Старик рассказывал, а впечатлительные слушатели охали, ахали, хлопали в ладоши и пускали гастрономические слюни…


…Вначале я принял это за термитники, потом за останки термитников. Так бывает после бомбежки: глядишь, вроде дом уцелел, а на деле — один фасад, за которым пустота. Но вскоре я отказался от этой мысли: термитники стоят наособь, а тут красные латеритовые образования идут сплошняком, наподобие изгороди. Лагос уже недалеко, но мы свернули в сторону, проехали городок Ошогбо и оказались на прямой неширокой дороге, вдоль которой по левую руку тянется красное застылое латеритовое пламя. Но вот языки пламени взмыли кверху и, сочетавшись с языками встречного пламени, образовали словно бы арку. Наваждение естественности кончилось, отчетливо видишь печать человека, его воображения и рук. Входим в ворота и под уклон по утоптанной тропке спускаемся к невысокой глиняной огороже. Что там — деревенька, человечье становище?
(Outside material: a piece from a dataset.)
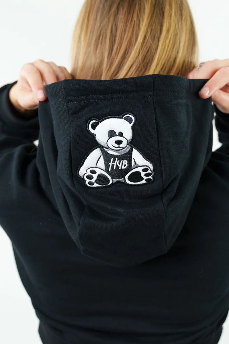 il ricamo HYB sul petto, essenziale e preciso, e lโ€™iconico orsetto HYB ricamato sul cappuccio, un dettaglio unico che dona al capo personalitร  e riconoscibilitร  immediata.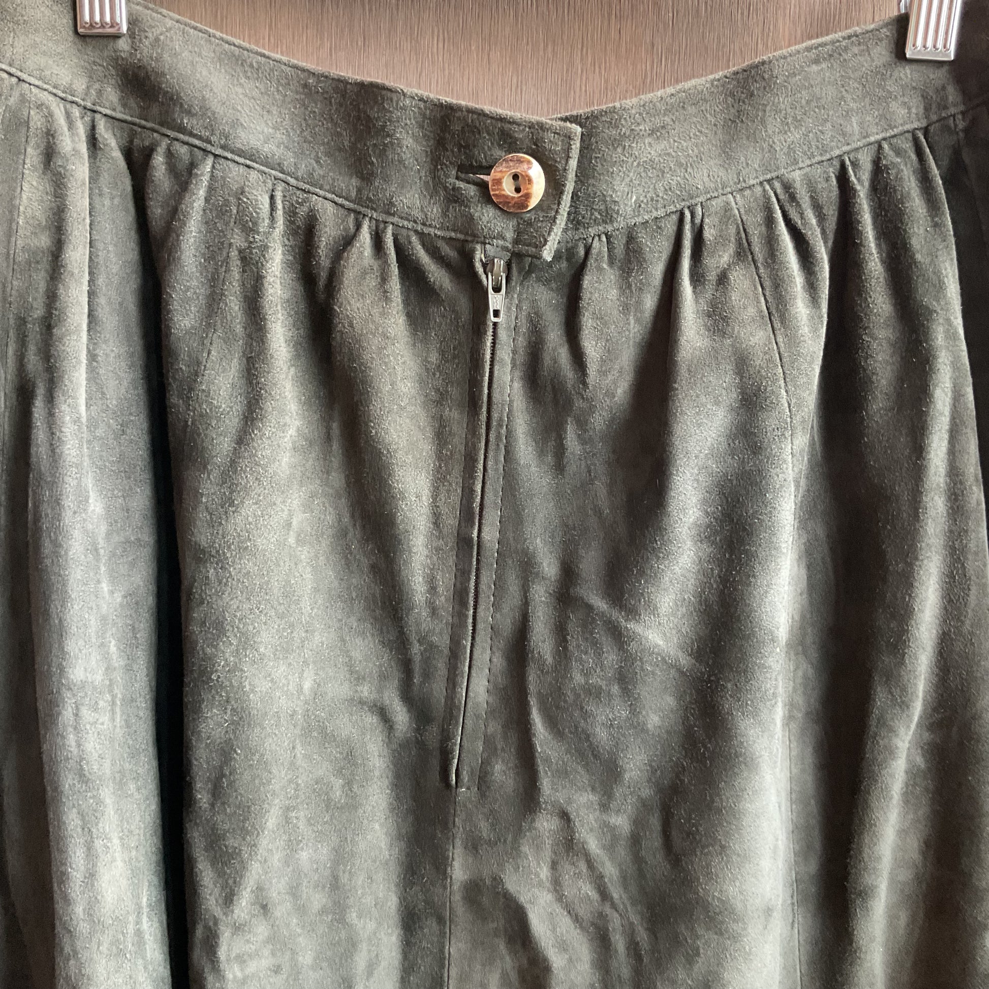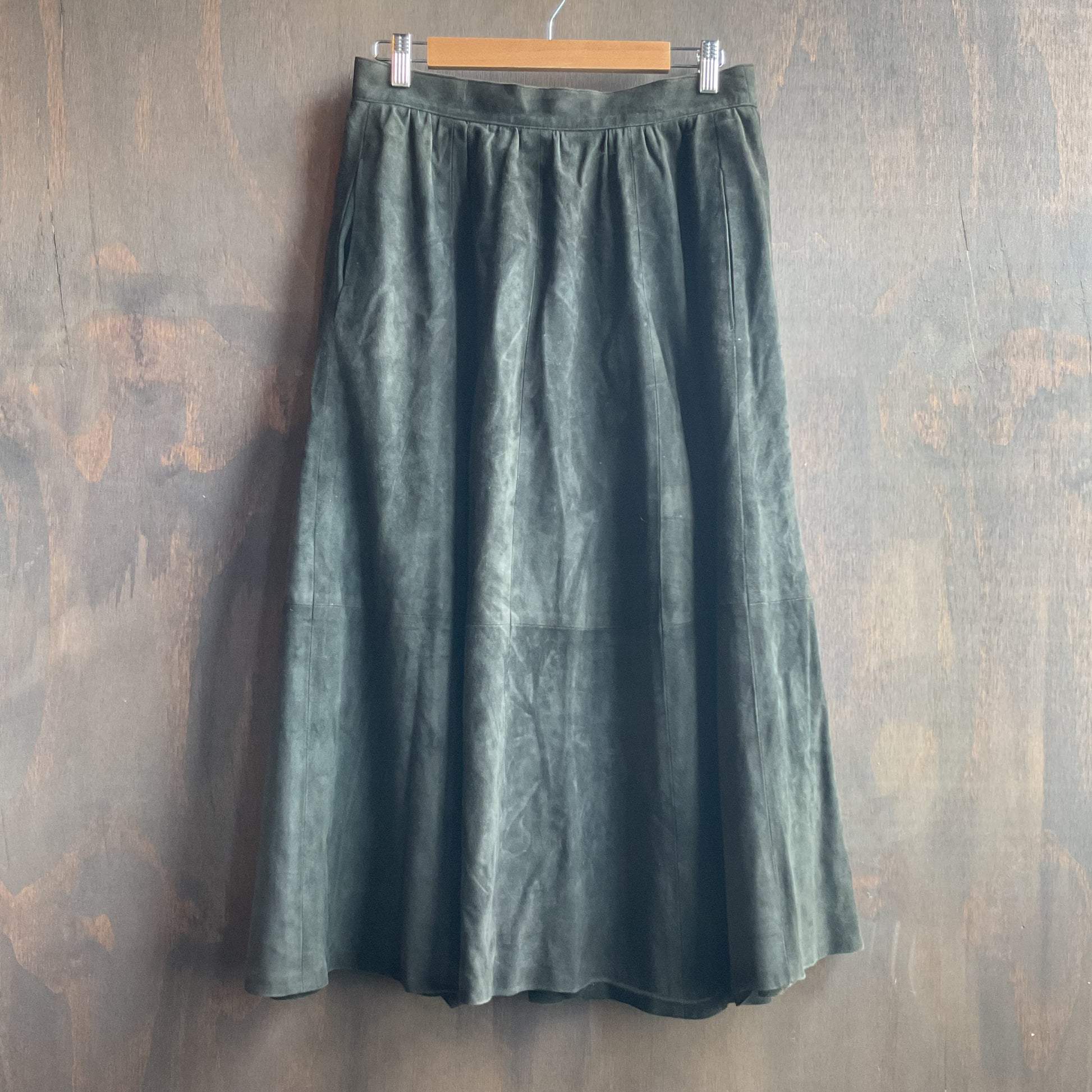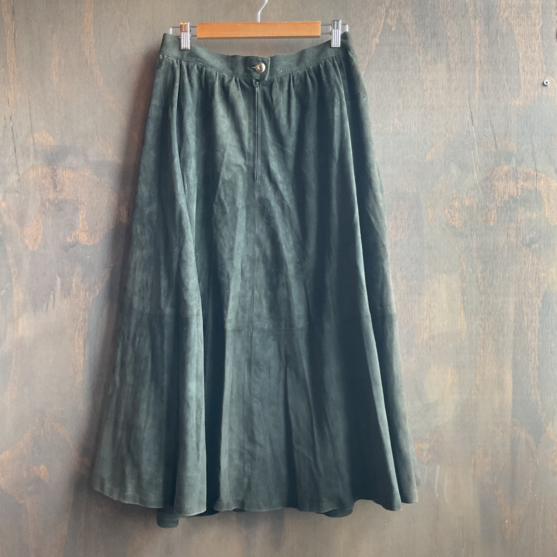 Gorgeous forest green maxi skirt, slightly pleated. Zips and buttons in the back. In great condition fits 32" waist (size M).

Проникаем за ограду. Под громадными деревьями с корнями наружу стоит приземистое квадратное строение, напоминающее старинные русские торговые ряды: круглые глиняные столбы образуют галерею, крыша плоская, соломенная. Там ни души. У комля высоченной секвойи приютился красный истукан, вокруг изгнивала банановая кожура, плоды манго. Все ясно: божок и приношения верующих, мы в языческой молельне. И тут, как принято говорить, дабы скрыть словесное бессилие, «будто спала завеса с глаз». Почти под каждым деревом обитало какое-нибудь страшновато-уютное божество. Из дерева, глины, каменистой породы. Вот нечто схожее с человекообразной обезьяной баюкает младенца, — истукан тревожно удивляет сходством с христианским символом: божья мать и младенец Иисус. А вот нечто несусветное, что могло быть порождено лишь очень испуганным сознанием: и гад, и птица, и зверь лесной в одном образе. А у тихой, почти недвижимой реки — деревья купают в ней свои ветви — схоронилась нежить африканских вод, — низ человечий, голова рыбья… Дальше каменистый срез оврага испещрен наскальными рисунками — наивными и страшными. И так тихо здесь, так заброшено! Шорох крови в сосудах рождает какую-то внутреннюю музыку, она становится все отчетливей, слышней, покидает тебя и звучит окрест райским пением птиц. И так нежно, так далеко на душе…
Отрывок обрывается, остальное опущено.